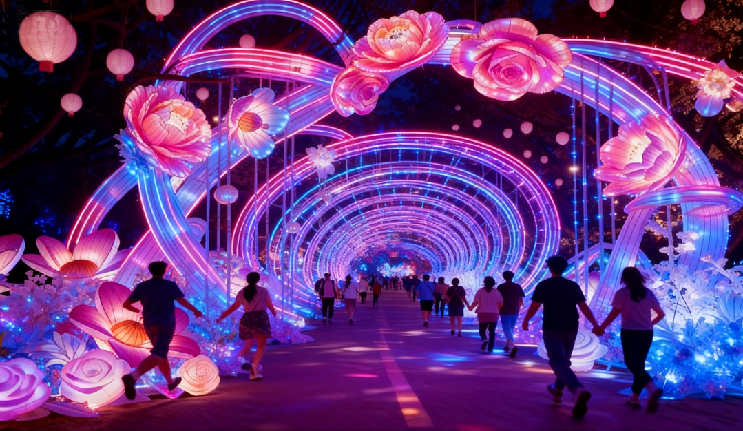 今年珠溪古镇的灯会,满目流星,璀璨梦幻,带领大家走进《镜花缘》的奇幻世界:
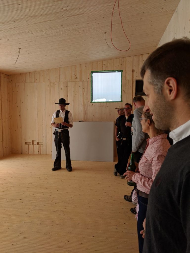 Es ist Richtfest – Bier und Würstchen. Die netten Nachbarn sind gekommen, die Zimmerleute sowieso, Familie auch.
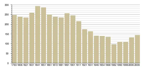 Динаміка населення (base Cassini de l'EHESS pour les nombres retenus jusque 1962[3], base Insee à partir de 1968 (population sans doubles comptes puis population municipale à partir de 2006)[4] · [5] ):
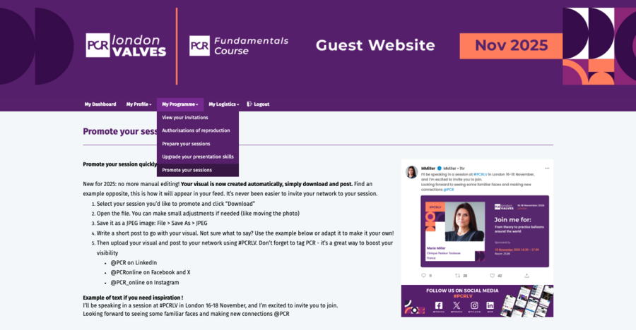 Thanks to the GuestWebsite, your visual and post are ready. In the menu bar click on "My Programme" and then on "Promote my session" where you will find one visual per session ready to be used and one exemple post for inspiration. Follow the 5 easy steps and in just a few minutes you can tell your community all they need to know about your session.
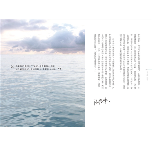 在二○一三年,放下了在臺灣習慣已久的舒適生活,來到中國大陸接任無印良品董事總經理一職,這從來不在我的人生規劃內。離開comfort zone(舒適圈),對任何人來說,都是困難的事。但我常覺得,必須給部屬比他能力稍為重一點的任務,因為如果太駕輕就熟,不太容易有精采的表現,人往往都是在最不安、困苦的狀態下,激發出潛力,產生最好的作品。隨著工作時間拉長,妳會累積一些工作經驗、資歷,漸漸形成妳的舒適圈。所以,不要忘記,要有自覺地不斷淬練自己,勇於接受各種挑戰。
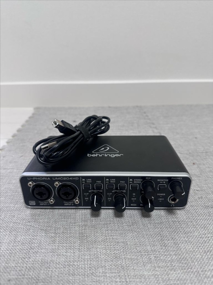 베링거 U-PHORIA UMC204HD 오디오 인터페이스입니다 - 24비트/192kHz 해상도로 뛰어난 음질을 제공합니다 - MIDAS 설계 프리앰프가 장착되어 있습니다 - 제로 레이턴시 모니터링이 가능합니다 - USB 케이블 포함

--

From the line that contains "Es ist Richtfest" to the end of the material above, output every line exactly, both ends included, but leave out any pictures.

_Your response:_
 Es ist Richtfest – Bier und Würstchen. Die netten Nachbarn sind gekommen, die Zimmerleute sowieso, Familie auch.
 Динаміка населення (base Cassini de l'EHESS pour les nombres retenus jusque 1962[3], base Insee à partir de 1968 (population sans doubles comptes puis population municipale à partir de 2006)[4] · [5] ):
 Thanks to the GuestWebsite, your visual and post are ready. In the menu bar click on "My Programme" and then on "Promote my session" where you will find one visual per session ready to be used and one exemple post for inspiration. Follow the 5 easy steps and in just a few minutes you can tell your community all they need to know about your session.
 在二○一三年,放下了在臺灣習慣已久的舒適生活,來到中國大陸接任無印良品董事總經理一職,這從來不在我的人生規劃內。離開comfort zone(舒適圈),對任何人來說,都是困難的事。但我常覺得,必須給部屬比他能力稍為重一點的任務,因為如果太駕輕就熟,不太容易有精采的表現,人往往都是在最不安、困苦的狀態下,激發出潛力,產生最好的作品。隨著工作時間拉長,妳會累積一些工作經驗、資歷,漸漸形成妳的舒適圈。所以,不要忘記,要有自覺地不斷淬練自己,勇於接受各種挑戰。
 베링거 U-PHORIA UMC204HD 오디오 인터페이스입니다 - 24비트/192kHz 해상도로 뛰어난 음질을 제공합니다 - MIDAS 설계 프리앰프가 장착되어 있습니다 - 제로 레이턴시 모니터링이 가능합니다 - USB 케이블 포함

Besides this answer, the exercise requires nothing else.